Jamaica’s crime pattern that has existed for more than 20 years suggests deep and structural causes requiring long-term solutions. An SOE is not likely to be of much help, except as a breathing space to develop real and lasting solutions.


There is a great risk that after seven years of SOEs, further severe damage will be done to the police force as an institution. The 20-odd years of the Suppression of Crime Act, which was repealed in the 1990s, did a lot to undermine the police force. The Jamaica Constabulary Force (JCF) failed during the period to develop the intelligence and investigative capabilities necessary for a modern police service.

Under the Suppression of Crime Act, there was widespread abuse of the citizens’ rights by the police. This led to a marked decline in trust and support for the police. An extended SOE will likely have a similar result. The vast majority of the citizens impacted by the current SOEs are from the poorest areas.

An extended period of SOEs, as has been shown in other countries, Egypt, for example, will likely cause the population to come to accept the extraordinary suppression of rights as a normal way of doing business. This approach will weaken the foundations of our democracy.
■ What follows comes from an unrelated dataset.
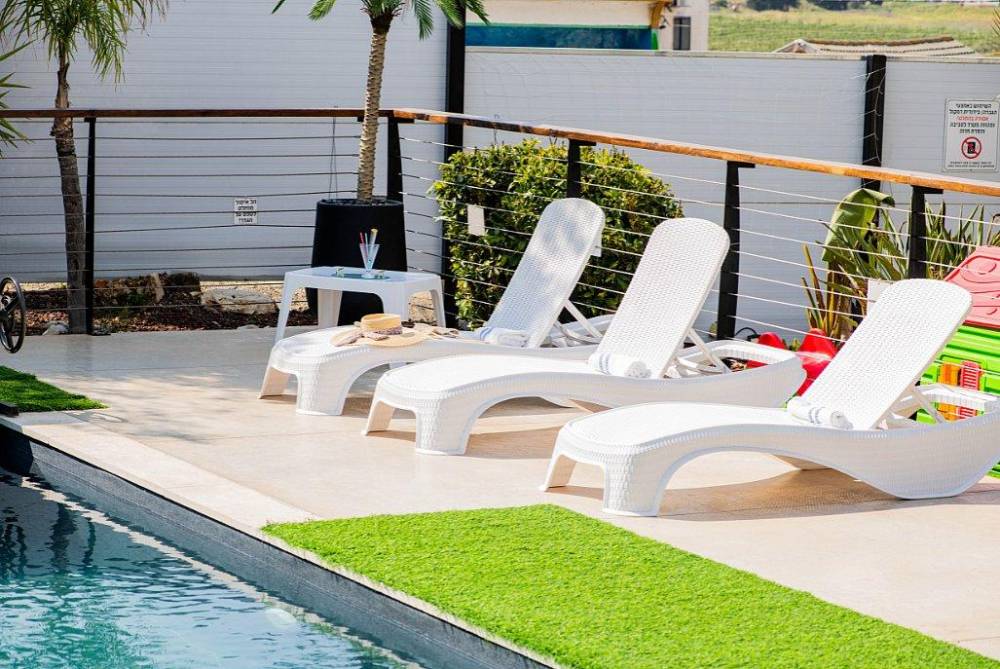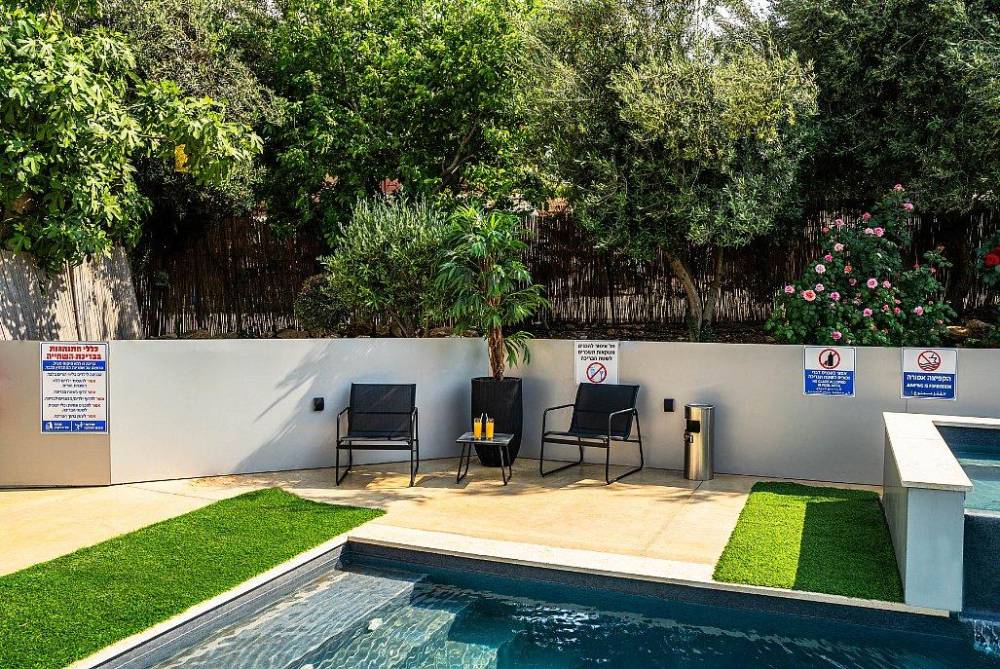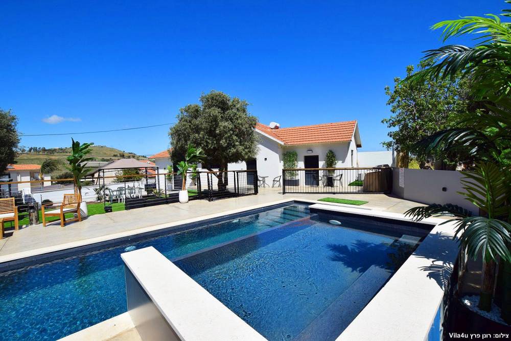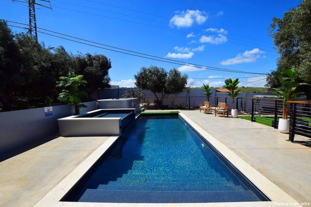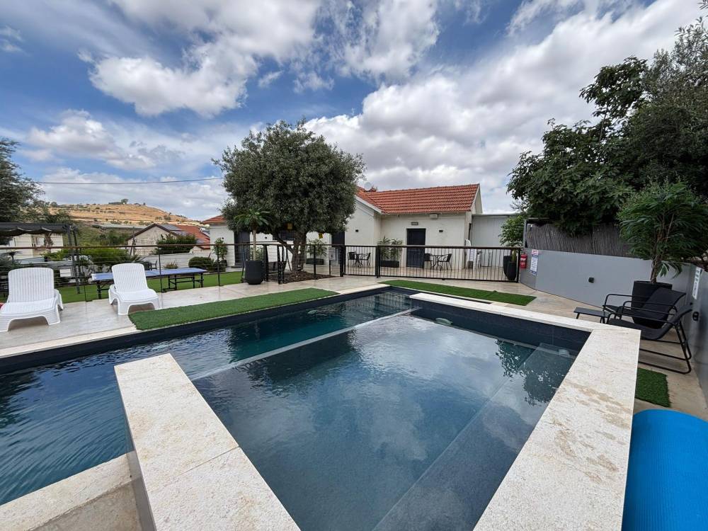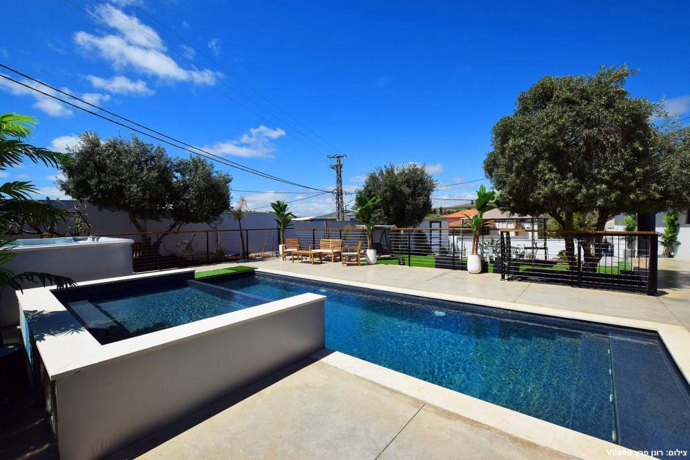 במתחם תוכלו להנות ממתחם חיצוני מטופח עם מדשאות, פינות ישיבה, מטבח חוץ, עמדת מנגל מקצועית, בריכת זרמים מגודרת ומחוממת ואף ג'קוזי ספא מפנק.

There is absolutely no guarantee that the murder rate will decline after the proposed seven years. Most expert studies show that crime only decline in the long term when criminals are certain that the capacity of the police and justice system will guarantee, with great certainty, that they will be caught, prosecuted, and if guilty, sent to prison. This certainty will only come from a radically reformed police force, justice and prison system, with adequate resources.
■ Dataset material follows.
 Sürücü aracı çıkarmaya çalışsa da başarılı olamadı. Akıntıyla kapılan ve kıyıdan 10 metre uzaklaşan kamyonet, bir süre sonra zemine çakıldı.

Tackling Jamaica’s problem requires vision, strategy, resources and an iron will to succeed. It is a long-term endeavour that requires absolute commitment from the leadership of the country operating within national consensus.

Jamaica’s success with the current economic programme gives a blueprint as to how we can, as a country, tackle seemingly intractable problems.

The shadow-boxing between the Government and the Opposition around Vale Royal Talks, and whether an anti-crime plan exists, must cease. This must be replaced by an action plan with strategic, time-bound objectives.